WHAT IS NEEDED - Below are entries. Give back exactly the lines from the one containing "VENTURA CENTRALE Decode/Recode" through the one containing "サーファー友達とサーフィン。一緒に海に入ると楽しい!", inclusive, without the pictures.

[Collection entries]
· · · · ·

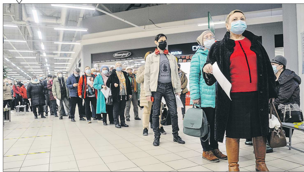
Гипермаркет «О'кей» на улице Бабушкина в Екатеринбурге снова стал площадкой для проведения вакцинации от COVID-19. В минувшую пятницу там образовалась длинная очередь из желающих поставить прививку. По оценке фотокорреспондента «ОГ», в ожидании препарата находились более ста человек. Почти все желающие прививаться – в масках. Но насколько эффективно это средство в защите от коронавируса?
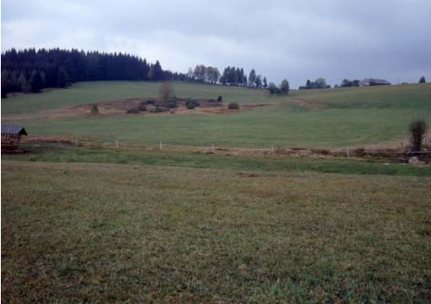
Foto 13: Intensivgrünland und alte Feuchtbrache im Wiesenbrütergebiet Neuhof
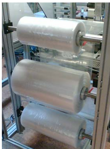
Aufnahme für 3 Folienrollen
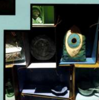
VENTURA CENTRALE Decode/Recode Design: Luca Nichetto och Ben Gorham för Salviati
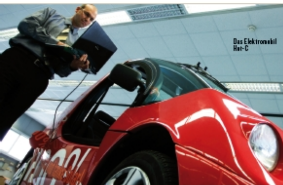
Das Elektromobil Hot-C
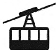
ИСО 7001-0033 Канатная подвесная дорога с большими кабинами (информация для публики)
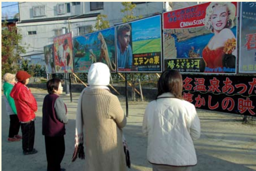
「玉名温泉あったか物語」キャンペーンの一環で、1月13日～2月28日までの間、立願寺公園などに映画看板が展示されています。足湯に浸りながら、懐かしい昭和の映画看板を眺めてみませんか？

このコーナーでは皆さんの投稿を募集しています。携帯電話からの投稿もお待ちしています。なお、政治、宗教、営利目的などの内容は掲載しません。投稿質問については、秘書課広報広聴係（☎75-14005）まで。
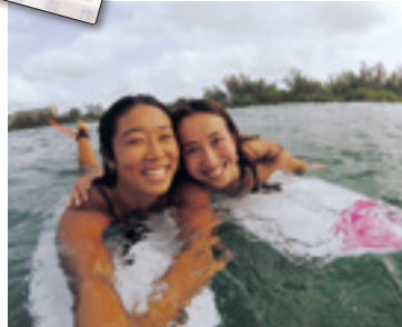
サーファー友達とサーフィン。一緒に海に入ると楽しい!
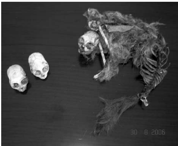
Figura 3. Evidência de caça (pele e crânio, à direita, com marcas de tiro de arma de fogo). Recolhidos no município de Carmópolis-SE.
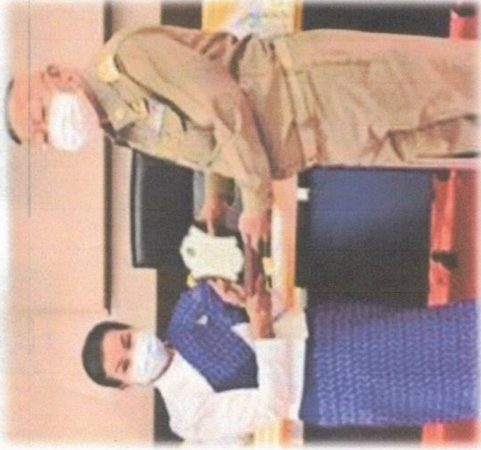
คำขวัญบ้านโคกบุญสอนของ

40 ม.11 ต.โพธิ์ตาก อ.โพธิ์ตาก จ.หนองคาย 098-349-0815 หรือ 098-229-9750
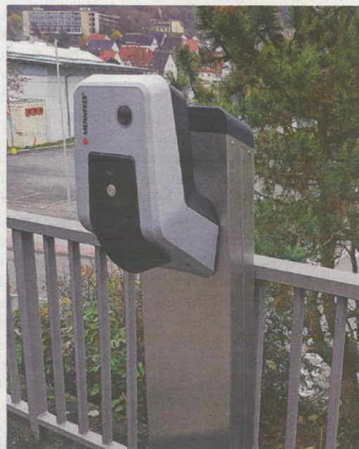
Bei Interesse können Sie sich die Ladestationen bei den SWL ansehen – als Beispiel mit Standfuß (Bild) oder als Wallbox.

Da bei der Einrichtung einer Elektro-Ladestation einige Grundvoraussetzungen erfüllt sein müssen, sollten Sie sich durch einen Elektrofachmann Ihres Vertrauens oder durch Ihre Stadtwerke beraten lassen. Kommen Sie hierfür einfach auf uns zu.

· · · · ·

ANSWER SECTION -
VENTURA CENTRALE Decode/Recode Design: Luca Nichetto och Ben Gorham för Salviati
Das Elektromobil Hot-C
ИСО 7001-0033 Канатная подвесная дорога с большими кабинами (информация для публики)
「玉名温泉あったか物語」キャンペーンの一環で、1月13日～2月28日までの間、立願寺公園などに映画看板が展示されています。足湯に浸りながら、懐かしい昭和の映画看板を眺めてみませんか？

このコーナーでは皆さんの投稿を募集しています。携帯電話からの投稿もお待ちしています。なお、政治、宗教、営利目的などの内容は掲載しません。投稿質問については、秘書課広報広聴係（☎75-14005）まで。
サーファー友達とサーフィン。一緒に海に入ると楽しい!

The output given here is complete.